Round 4: The Big Kahuna

My prediction: “Far Far Away v Rose Under Fire v (return from grave) Eleanor & Park, Judge Jennifer Holm. And what will win here? I think Eleanor & Park.”

How close was I? Boxers & Saints vs P.S. Be Eleven vs Eleanor & Park judged by Jennifer Holm

Alas, I wasn’t right enough to really matter — at this point, the odds were against me. I only had a one in three chance of being right.

And the odds weren’t with me. Boxers & Saints triumphed!

BoB 2014 RND4 FINAL REV The Big Kahuna Match: Between Boxers & Saints, P.S. Be Eleven, and Eleanor & Park

I’m going to do something a bit different here: not talk about the actual decision.
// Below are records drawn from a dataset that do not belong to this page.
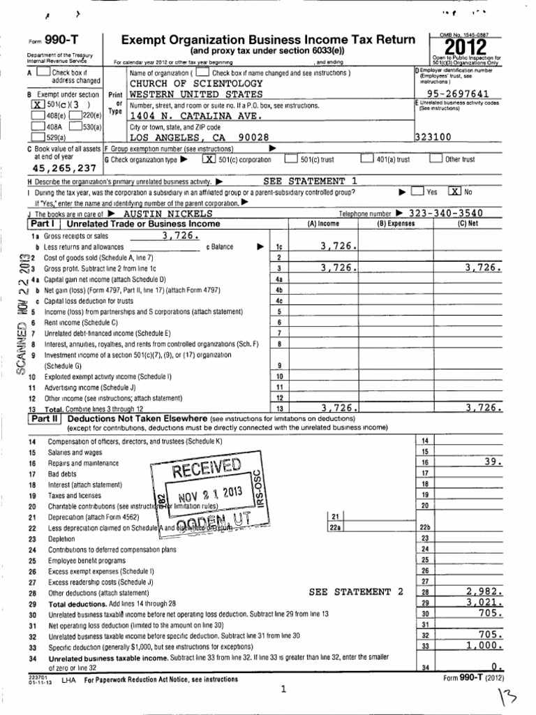 Church of Scientology Western United States, IRS 990-T, 2012
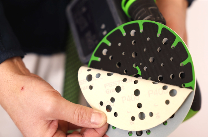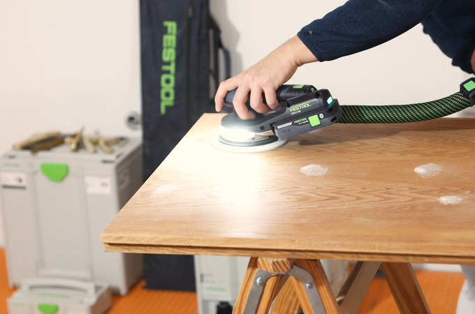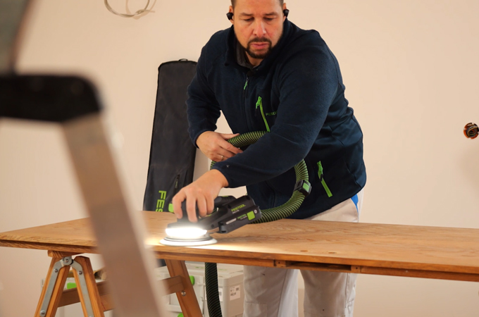 Nu sliber vi døren. Vi bruger en excentersliber - helst ETSC 2 150 - for at opnå en jævn overflade af høj kvalitet. Vi anbefaler at bruge P180 korn Granat universal sandpapir som slibepapir. Det sikrer, at begge sider af dørbladet slibes jævnt. Takket være det integrerede lys kan eventuelle ujævnheder eller skader på dørens overflade ses direkte og markeres med en stift, hvis det er nødvendigt.
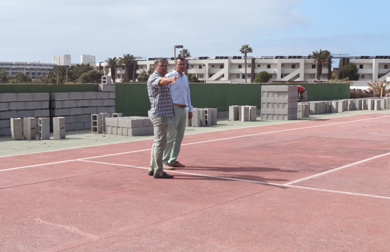 El concejal del área de Deportes, José Alberto Umpiérrez, explicó al alcalde cuál es el estado de las obras, cuya finalización se prevé para principios del mes de noviembre, y que “servirá de punto de encuentro de la cantera de jugadores de los clubes de Costa Teguise, así como cancha en la que poder entrenar y disputar partidos”.

All three books are terrific; Holm writes beautifully about all three, and about her choice.

Rather, I’m going to talk about two things that I didn’t see in the decisions.

I was thrilled to see various critiques of books; acknowledging of flaws; and people both liking and disliking books. Some did it from emotion, some from in-depth knowledge of certain topics in the books.

What I would have liked to see:

Eleanor & Park is a wonderful book. It’s a thrilling look at first love. But, I would have loved to see a discussion of Park’s heritage. As Laura writes in Clear Eyes, Full Shelves, “as a Korean-American, I found this simplistic attitude that portrays being a minority solely as a negative solely based on racial appearance shallow, offensive and frustrating because this type of poor depiction has been going on for my whole life, repeatedly, in every cultural medium.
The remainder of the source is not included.